As W. Somerset Maugham once famously said:
There are three rules of writing a novel. Unfortunately no one knows what they are.
The point I am making is that writers write and revise in many different ways. You need to find out what works for you. The one point writers do agree on is that revision is a vital part of the process.
My first experience of external editors was in the 1980s. In those days I was the editor of a technical newsletter for a global firm of accountants. I was also the author of four technical books published by Euromoney, Tolleys and Farringdon Press. I won’t bore you with the details of the publications. But they were subject to detailed technical review by a large number of technical experts, an internal communications expert and an editor from the publishing industry.

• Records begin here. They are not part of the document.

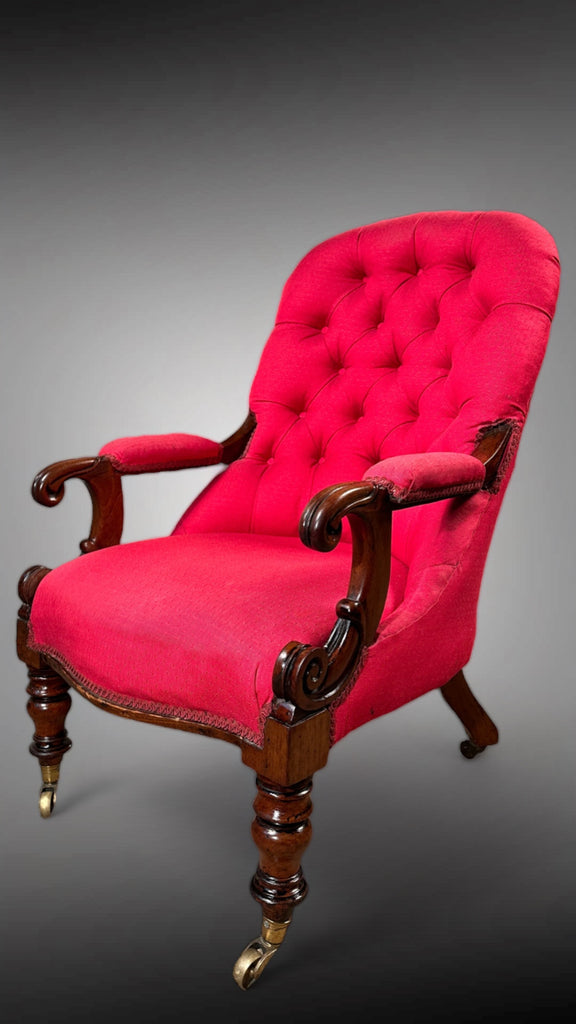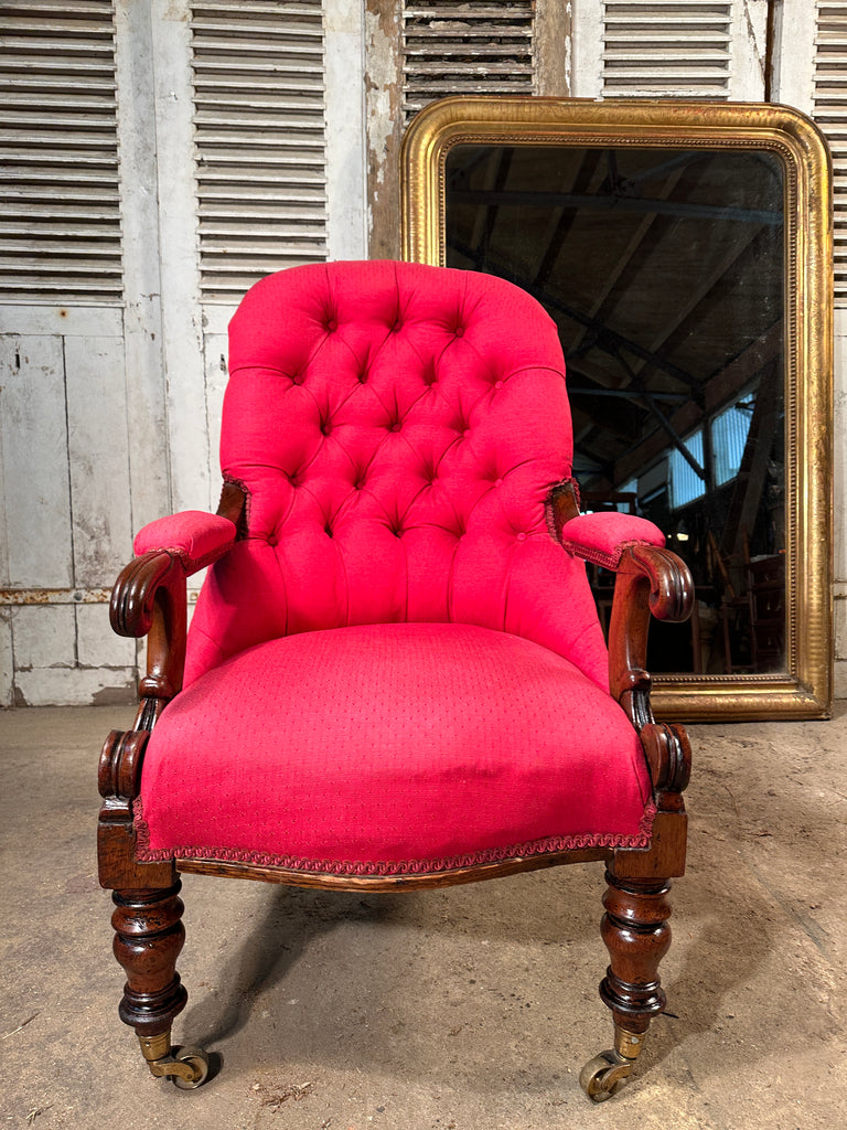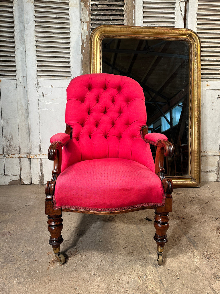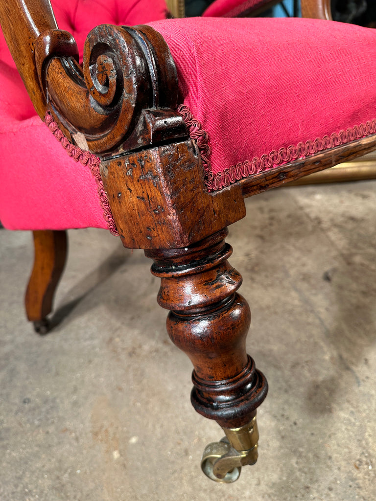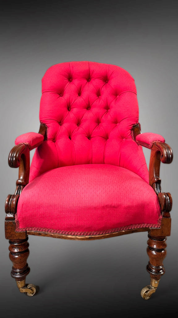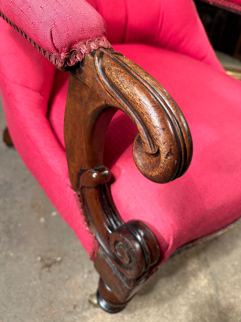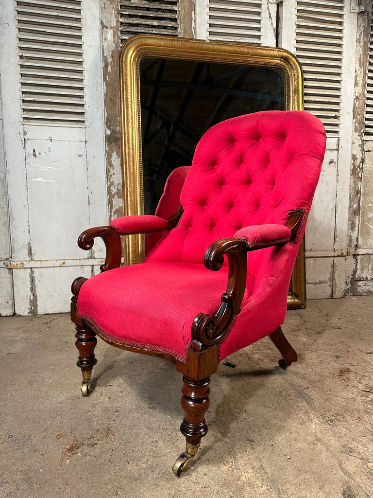 An antique Country House mahogany button back showframe armchair with fabulous red/pink upholstery/fabric. Dating from circa 1870 with original brass castors. Beautiful hand carved turned arms and swept back detailing to frame. Fabulous carved legs with original brass inset castors. This armchair has the look and is all original.
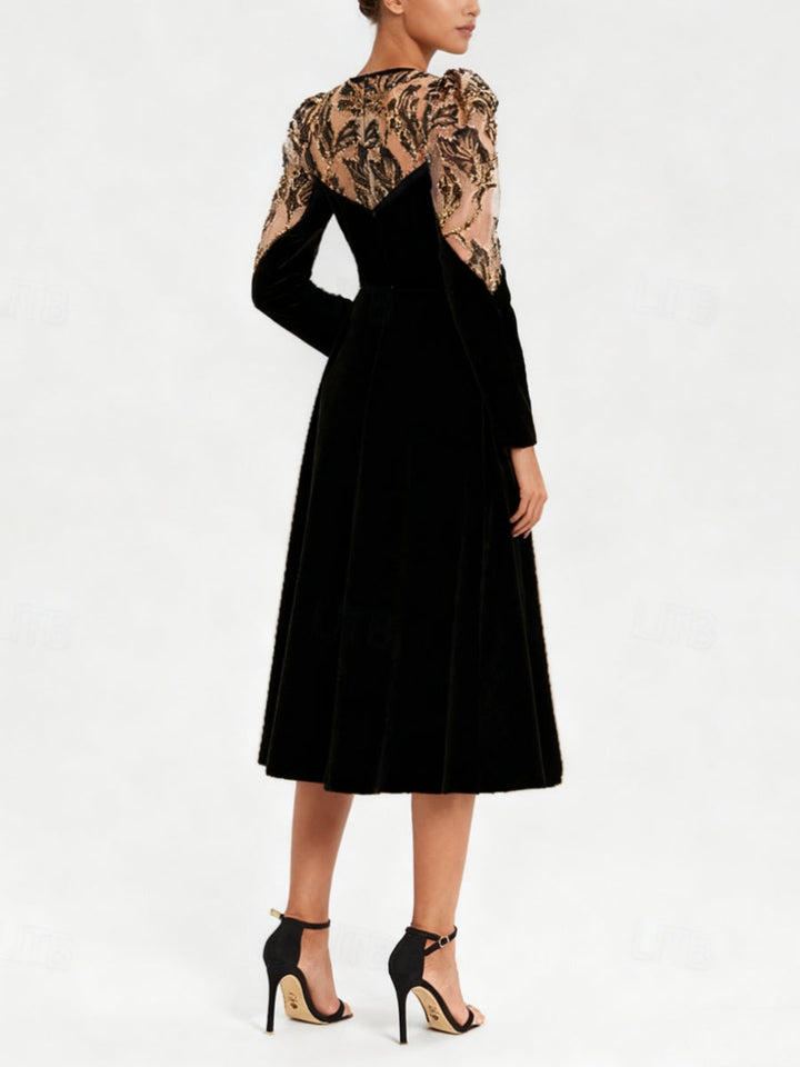 A-Line/Princess Scoop Velvet Mother of the Bride Dresses Long Sleeves Tea-Length Lace
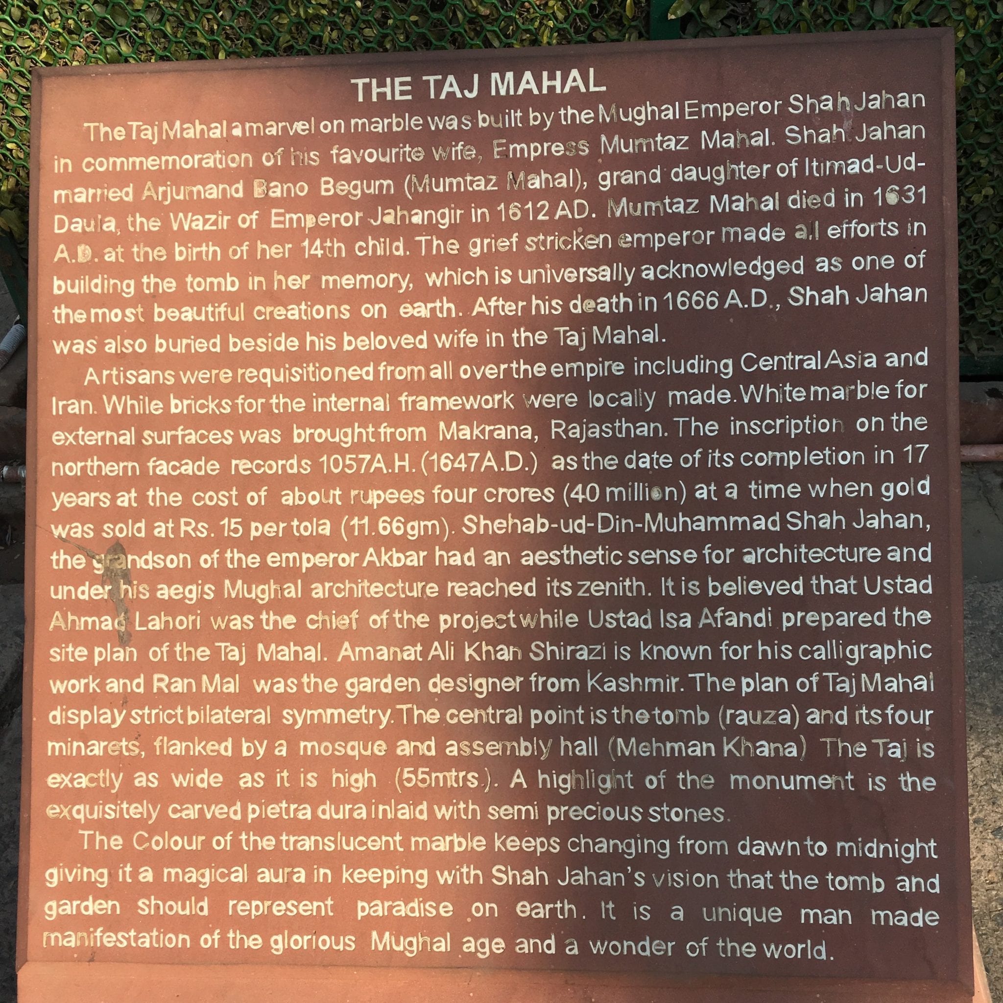 - Taj Mahal – Mosque Paving Stone
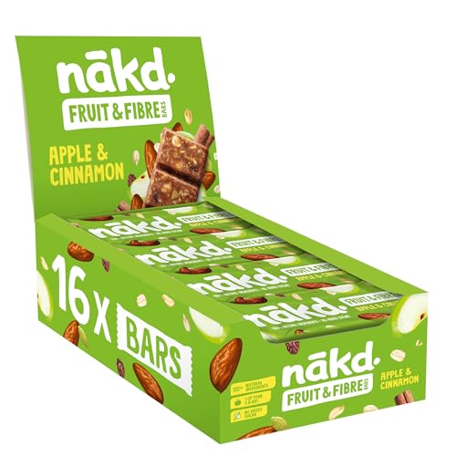 nakd. Fruit & Fibre bars - Apple & Cinnamon - High in fibre - 100% Natural ingredients - No added sugar - Vegan - 16 x 44g bars - 704g
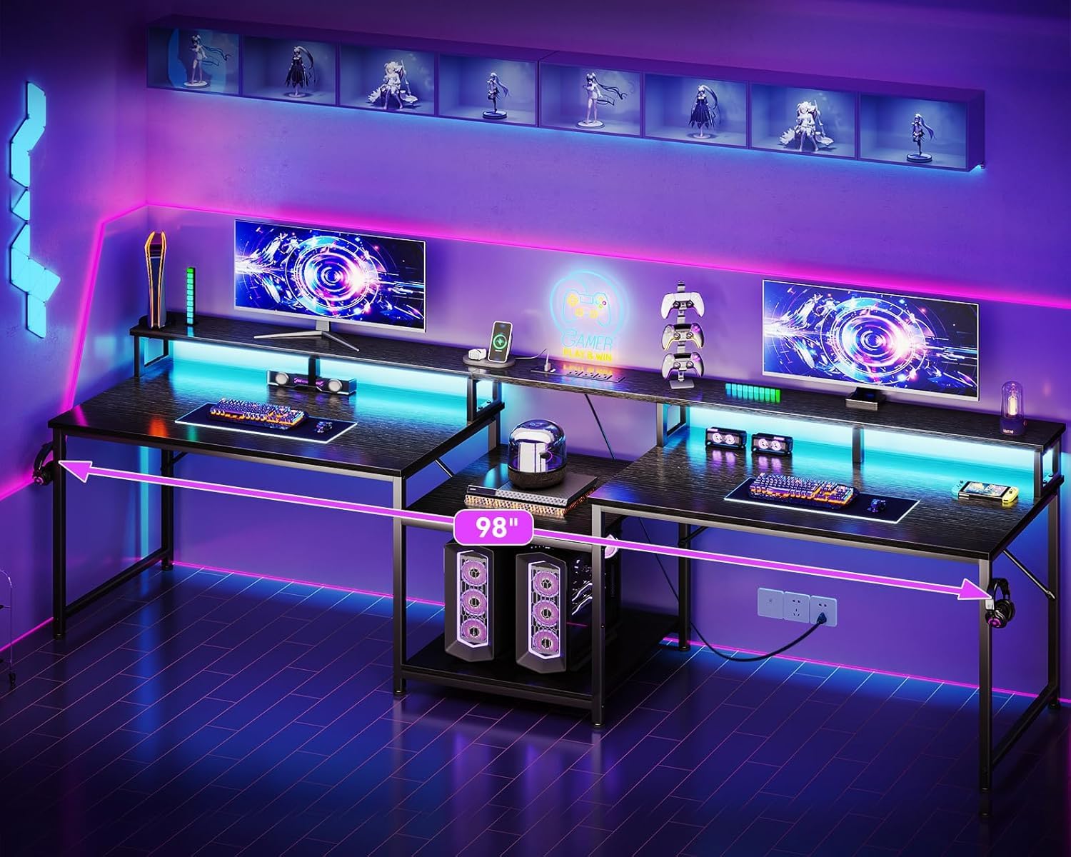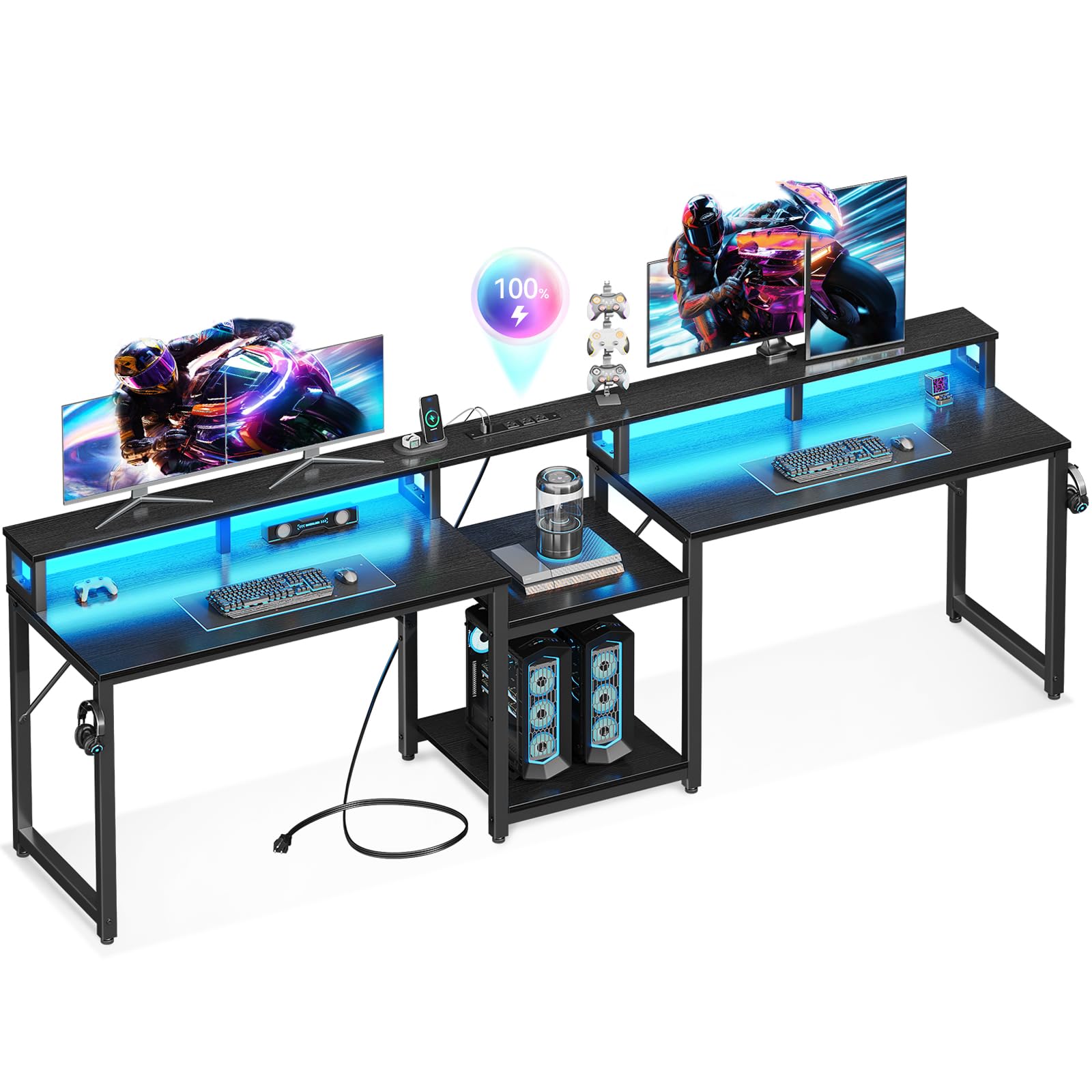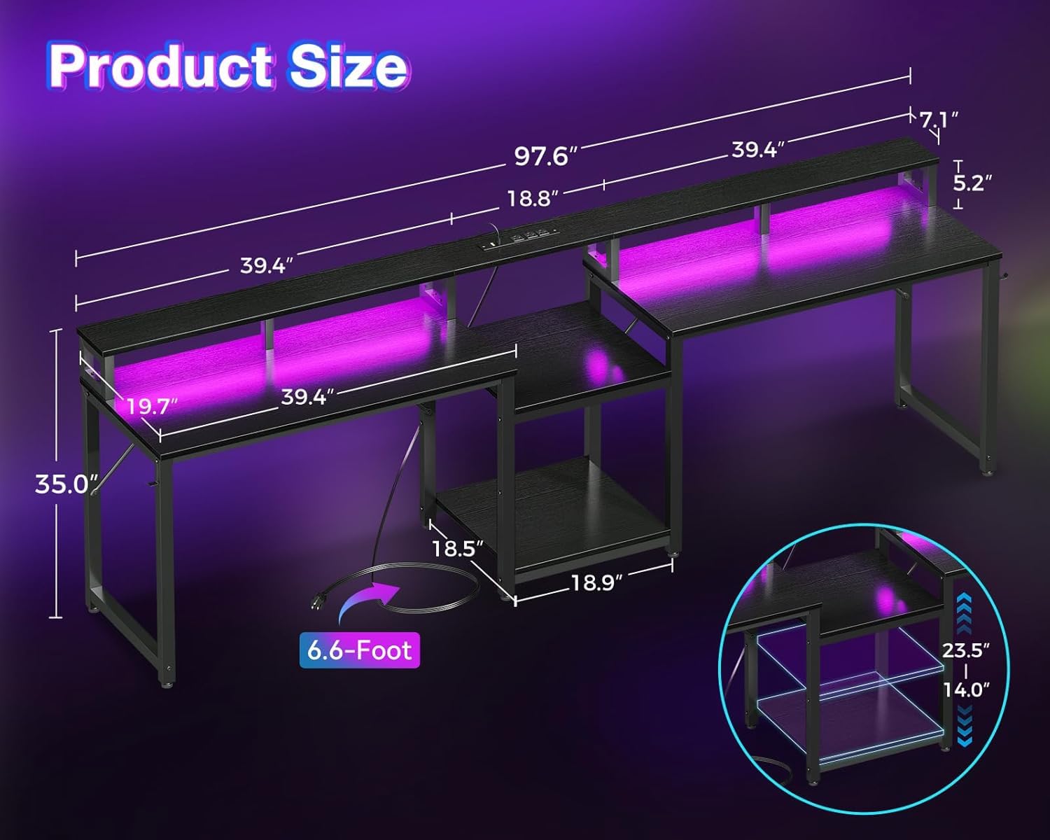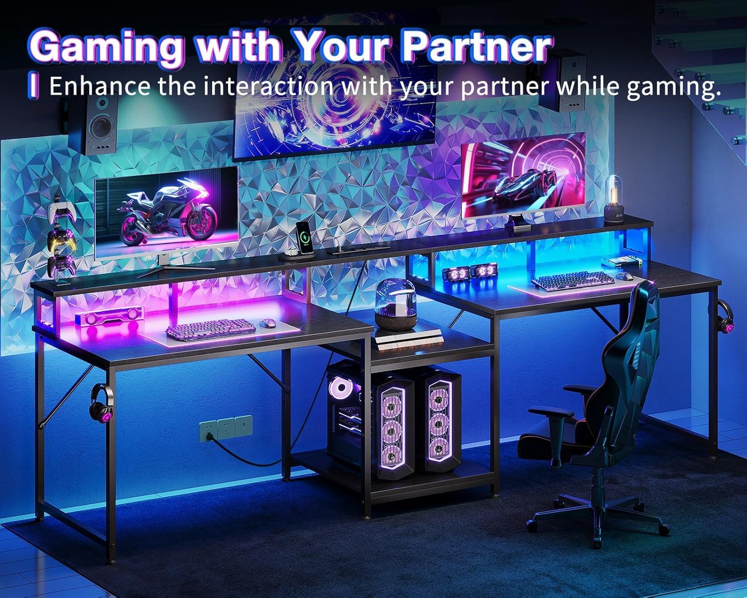 Casaottima 98 Inch 2 Person Gaming Desk with Storage Shelves, Long Double Home Office Computer Writing Desks with USB Charging Port & LED Lights, Monitor Stand, Modern Study/Work Table,Black

I learnt a very important lesson: there is nothing more permanent that the published word. It follows that any technical publication has to be correct. The more technical eyes that review the material, the better. But technical eyes are not enough. It also has to be clear and concise, and this is where an editor or communications consultant can add value, even if they are unfamiliar with the technical nature of the material.
My first experience of a consultants review was a painful experience. He congratulated me on the excellent quality of my draft, but returned it to me covered in red ink. Any writer that has received his/her manuscript from an editor like this will understand the emotions that this can create. I thought I could write — and all this red ink! But as writers we can learn an enormous amount from this process.
One of the first lessons I learnt was the need to write where possible in the active voice. You have probably heard the same advice. For example, if you say “I slashed my sword across his throat…” It sounds much more effective and in character’s point of view. Whereas “the villains throat was slashed…” sounds like we are in the author’s head, not the main character’s head.
But there is another reason for using the active voice. It is so much clearer about who is doing what to whom. For example, if I write “It is recommended that…” It is unclear who is recommending the action. It is far more clear to say “The Government recommends that…”
Many of the lessons I learnt when writing business publication about the importance of consistency, clarity and brevity helped in the transformation from business writer to fiction writer. But there is a world of difference between technical writing and creative writing. In the coming blogs I want to deal with how editing fiction is different from other writing, the grammar rules you can break to write creatively, and some of the editing tools that helped me.